The 90-75-50 heuristic throws good money after bad, escalating commitment to studies that have already accepted the null. Consider an original study that is false-positive with n=20. Given the distribution of (p<.05) possible original effect-size estimates, 90-75-50 will on average recommends n=67 per-cell for the first replication, and when that one fails (which it will with 97.5% chance because the original is false-positive), it will run a second replication now with n=150 participants per-cell (R Code).
From the “Small Telescopes” paper (.pdf) we know that if 2.5 times the original (n=20) were run in the first replication, n=50, we already would have an 80% chance to accept the null. So in the vast majority of cases, when replicating it with n=67, we will already have accepted the null; why throw another n=150 at it? That dramatic explosion of sample size for false-positive original findings is about the same for any original n, such that:
False-positive original findings lead to replications with about 12 times as many subjects per-cell when relying on 90-75-50.
If the false-positive original was p-hacked, it’s worse. The original p-value will be close to p=.05, meaning a smaller estimated original effect size and hence even larger replication sample size. For instance, if the false-positive original got p=.049, 90-75-50 will trigger replications with 14 times the original sample size (R Code).
Rejecting the null
So far we have focused on power and wasted observations for accepting the null. What if the null is false? The figure below shows power for rejecting the null. We see that if the original study had even mediocre power, say 40%, the gains of going beyond 2.5 times the original are modest. The Small Telescopes approach provides reasonable power to accept and also to reject the null (R Code).
Given the purpose (and budget) of this replication effort, the Small-Telescopes recommendation could be increased to 3.5n instead of 2.5n, giving nearly 90% power to accept the null .
The Small Telescopes approach requires fewer participants overall than 90-75-50 does, is unaffected by statistical noise, and it paves the way to a much needed “Do we accept the null?” mindset to interpreting ‘failed’ replications.
Our policy is to contact authors whose work we discuss, asking to suggest changes and reply within our blog if they wish. I shared a draft with several of the authors behind the Social Science Replication Project and discussed it with a few them. They helped me clarify the depiction of their sample-size selection heuristic, prompted me to drop a discussion I had involving biased power estimates for the replications, and prompted me -indirectly- to add the entire calculations and discussions involving waste that’s included in the post you just read. Their response was prompt and valuable.

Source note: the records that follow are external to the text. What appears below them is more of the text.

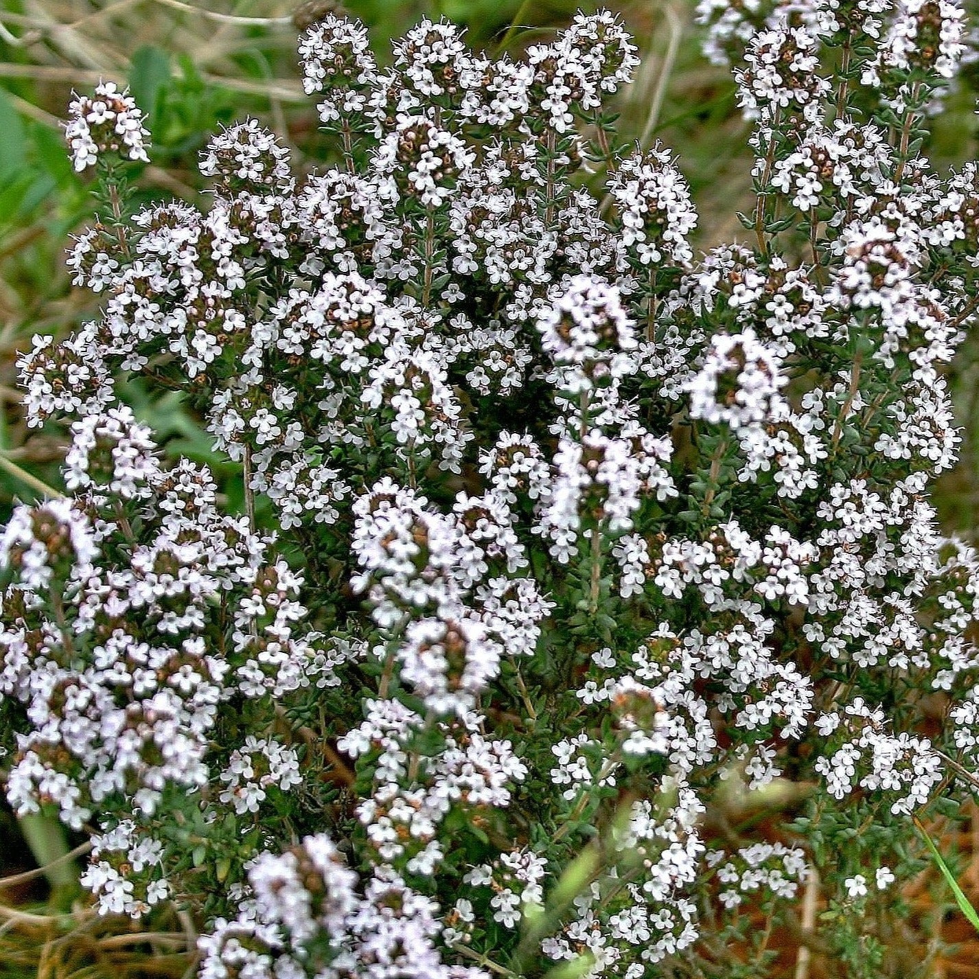 One of the most popular varieties of thyme! Greyer colour and sweeter than the English variety. Said to be one of the most flavourful of all the thyme varieties, preferred in French cuisine. Produces pale lavender flowers. Harvest in the morning, as concentrations of aromatic oils are highest at this time. Can be stored by freezing or drying.
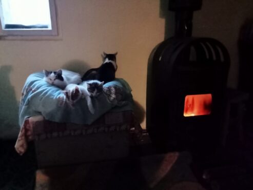 Iniţial, am vrut să-i oferim spre adopţie pe cei trei pisoi, Bondocel, Bretonel şi Purecel. I-am păstrat, însă, pe toţi, că prea-s frumuşei şi jucăuşi şi sperăm că vor avea o viaţă frumoasă la casa noastră de la ţară. În niciun caz nu vor ajunge să fie abandonaţi pe vreun tăpşan, ca mama lor.
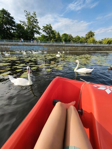 Классная возможность приблизиться к очаровательным лебедям, так это взять на прокат катамаран и купить мешок корма для птиц! (корм продается рядом с пирсом теплохода Гродно) Невероятные ощущения и крутые фотки обеспечены! Прокат катамарана от полу часа, мы брали по итогу на час, т.к. очень увлекательное мероприятие 💕🦢
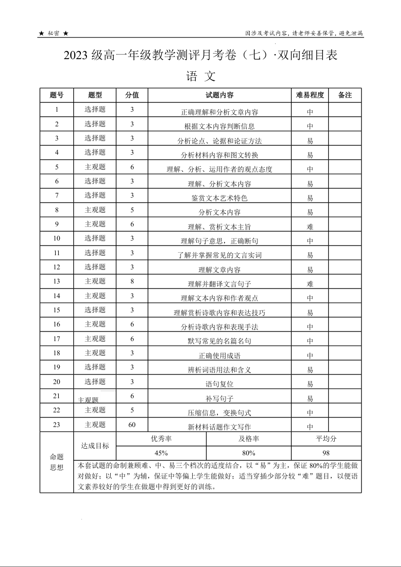 云南省云南师范大学附属中学2023-2024学年高一下学期5月月考语文双向细目表

- The data-peeking involved in the 2nd replication inflates false-positives a bit, from 5% to about 7%, but since replications involve directional predictions, if they use two-sided tests, it’s fine. [↩]
- The calculations behind the figure work as follows. One begins with the true effect size, the one giving the original sample 50% power. Then one computes how likely each possible significant effect size estimate is, that is, the distribution of possible effect size estimates for the original (this comes straight from the non-central distribution). Then one computes for each effect size estimate, the sample size recommendation for the replication that the 90-75-50 heuristic would result in, that is, one based on an effect 75% as big as the estimate, and since we know how likely each estimate is, we know how likely each recommendation is, and that’s what’s plotted. [↩]
- How noisy the 90-75-50 heuristic recommendation is depends primarily on the power of the original study and not the specific sample and effect sizes behind such power. If the original study has 50% power, the SD of the recommendation over the average recommendation is ~37% (e.g., 50/133) whether the original had n=50, n=200 or n=500. If underlying power is 80%, the ratio is ~46% for those same three sample sizes. See Section (5) in the R Code [↩]
- Could also do the test half-way, after 1.75n, ending study if already conclusive; using a slightly stricter p-value cutoff to maintain desired false-positive rates; hi there @lakens [↩]